Obama had to look to the future and show us how his way would get us to our goals creating more jobs with overall economical improvements.  As an example of the things that can be done, he cited his rescue of the auto industry that has now saved 1.45 million jobs, and lowering taxes on the middle class to lift the burden they now face.  The Affordable Care Act, which will bring health care to 30 million Americans who desperately need it and free up emergency rooms.

In these cases, Mitt Romney would not have bailed out auto, would only lower taxes on the middle class with a huge decrease on the wealthy, and he and Ryan have  both vowed to repeal the health care bill.

The President told swing voters that he will work with Republicans in bipartisan efforts, reminding us that just last summer he negotiated with the GOP to cut $1 trillion in spending.  But he insisted it had to be a two-sided affair.  In the same vein he vowed not to approve new breaks for the wealthy, saying, “I refuse to go along with that. And as long as I'm President, I never will."  In a CBS/NYT poll recently, 65% of respondents said that the wealthy should be taxed more.

President Obama's full speech:

Michelle Obama talked about her husband’s personal side, painting a man who throughout all the trials and tribulations he has been put through, is the same strong person she knew in 2008, with the same goals and ideals for the country he had then.  During her speech, the President stayed home in Washington to see his daughters off on their first day of school.  If that picture of him with the girls watching Michelle doesn’t show family values, then nothing does.

V.P. Joe Biden
Vice President Joe Biden took us inside the White House saying, "Ladies and gentlemen, I'm here to tell you what I think you already know, that, I watch it up close, bravery resides in the heart of Barack Obama and, time and time again, I witnessed him summon it.”  He added, "This man has courage in his soul, compassion in his heart and a spine of steel…”  Then the classic, "Osama bin Laden is dead, and General Motors is alive!"
  
Of Bill Clinton’s talk, David Gergen said, “…he did what no other Democrat has done well: he saw the vulnerable holes in the Romney-Ryan budget plan and drove a Mack truck through them.”  CNN’s David Rothkopf said about Clinton, Obama “…is no doubt grateful for the brilliance with which Clinton defended his policies, the deftness with which he sliced up Mitt Romney with a razor made of finely honed, carefully forged praise for his Republican predecessors.”

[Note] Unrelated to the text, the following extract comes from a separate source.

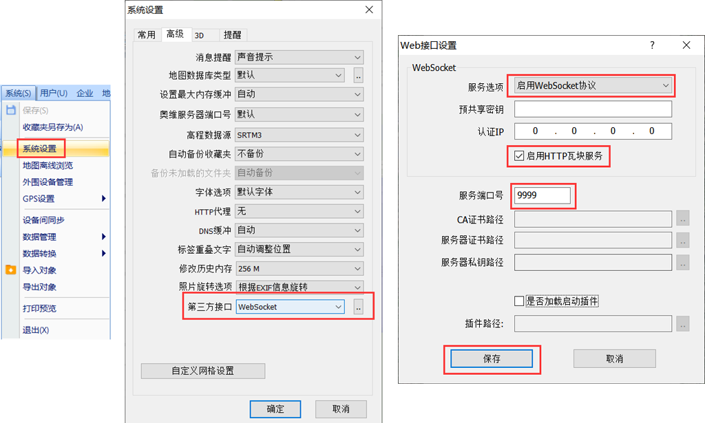 在奧維PC版中,點(diǎn)擊【系統(tǒng)】菜單-->【系統(tǒng)設(shè)置】-->【高級(jí)】-->【第三方接口】,選擇【W(wǎng)ebSocket】,點(diǎn)擊【…】,進(jìn)入【W(wǎng)eb接口設(shè)置】窗口。
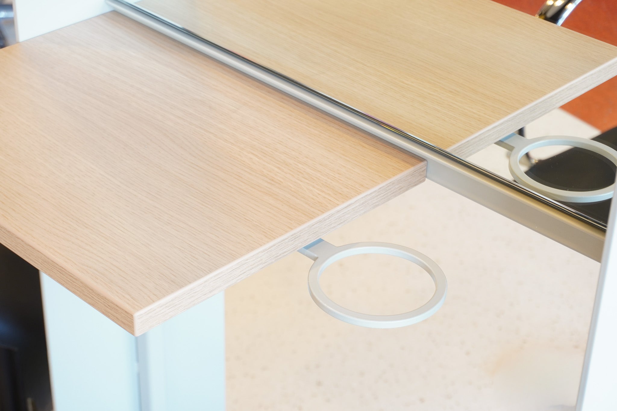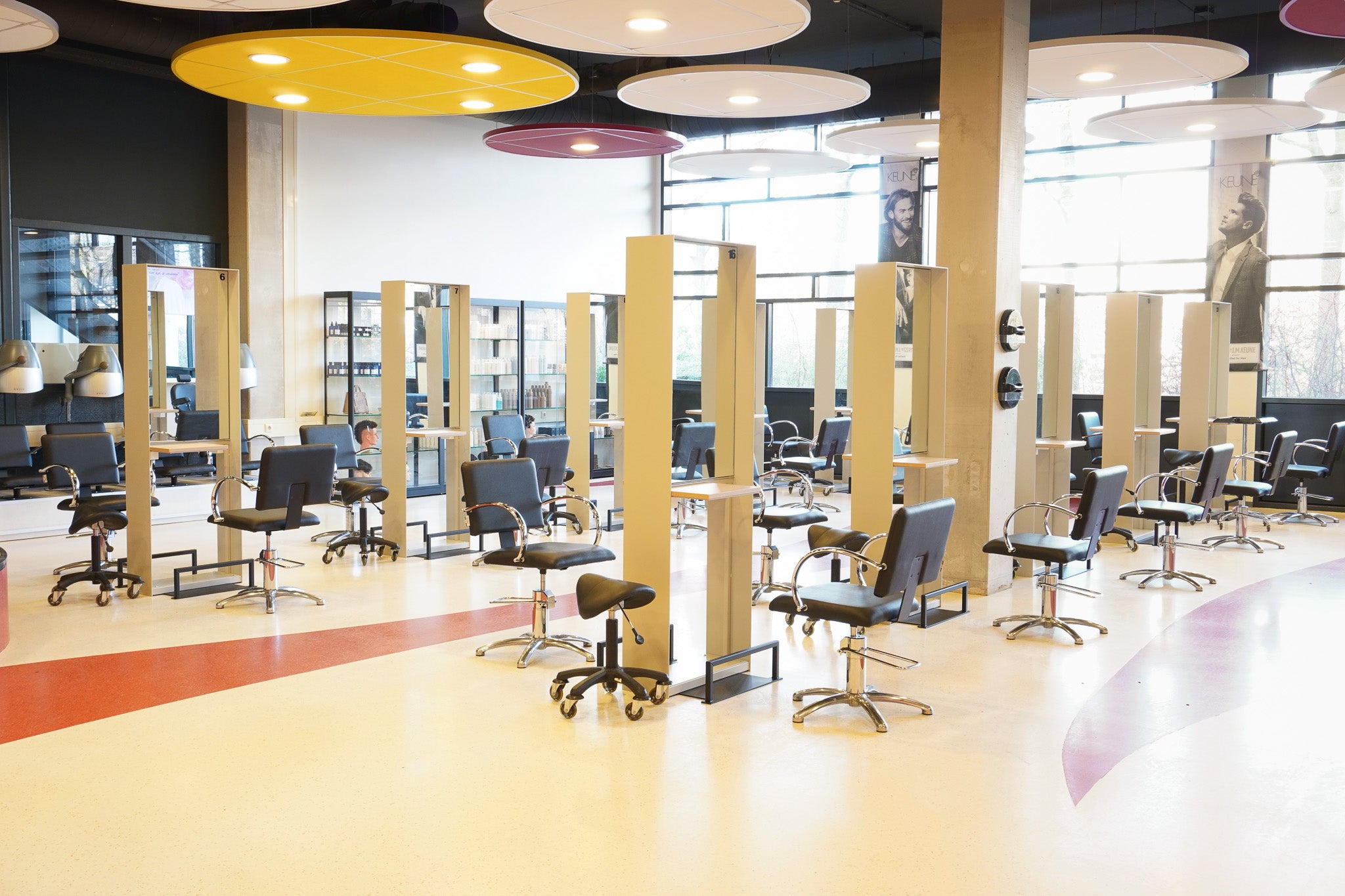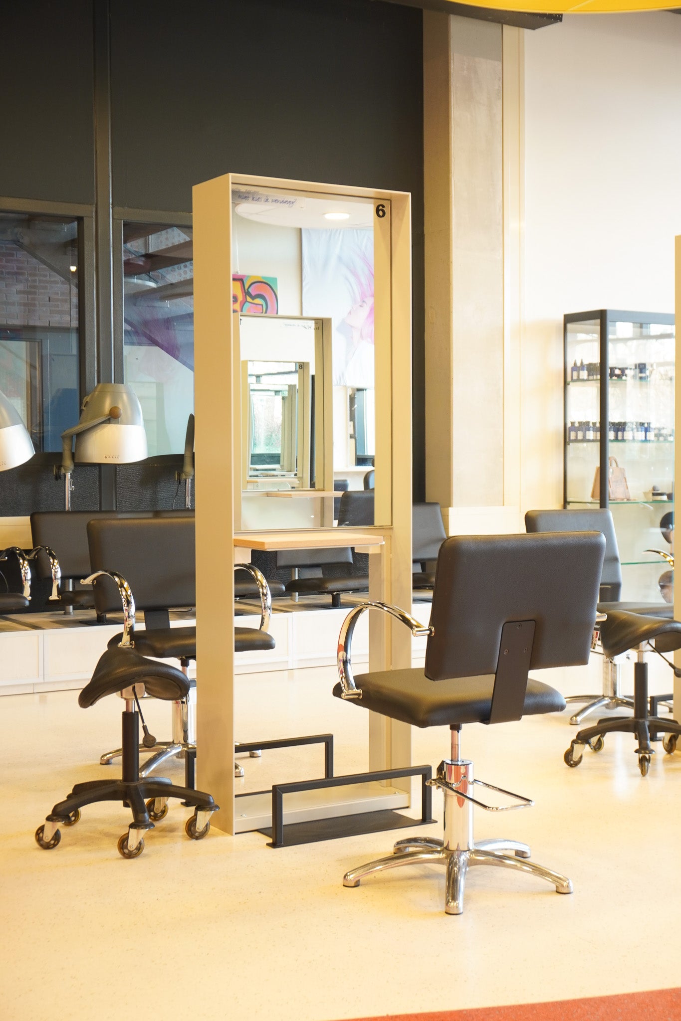 Voor ROC Firda deden wij het ontwerp, de productie en staken het hele lokaal in een nieuw jasje. We mikten op een chic meubel en een gezelliger lokaal. Elk meubel geeft plek voor twee studenten. Ook is het meubel voorzien van twee stopcontacten die verfijnd zijn weggewerkt. Leuk details is dat we alle spiegels hebben hergebruikt, lekker duurzaam.

In another article by Rebecca Sinderbrand, she commented on the 48 minute speech which some say was one-half ad-lib, saying it hit just about every item on the Obama “wish list.”  As an example:

• Appeal to the persuadable who cite bipartisanship as a key quality

• Re-frame Romney without alienating bipartisanship-worshipping swing voters

• Push back on the GOP's welfare attack

• Cast Obama as his ideological heir and most likely to bring back the Clinton boom years

You can read more about each in the above link.  Most interesting, I think, is how the legacy of the Clinton boom years was so carefully handed down to Obama, if the country re-elects him in November, and the GOP changes its policy of “no” to everything he proposes and begins to negotiate.  Also interesting will be the bump(s) the President gets from the convention.  One point, not a chance.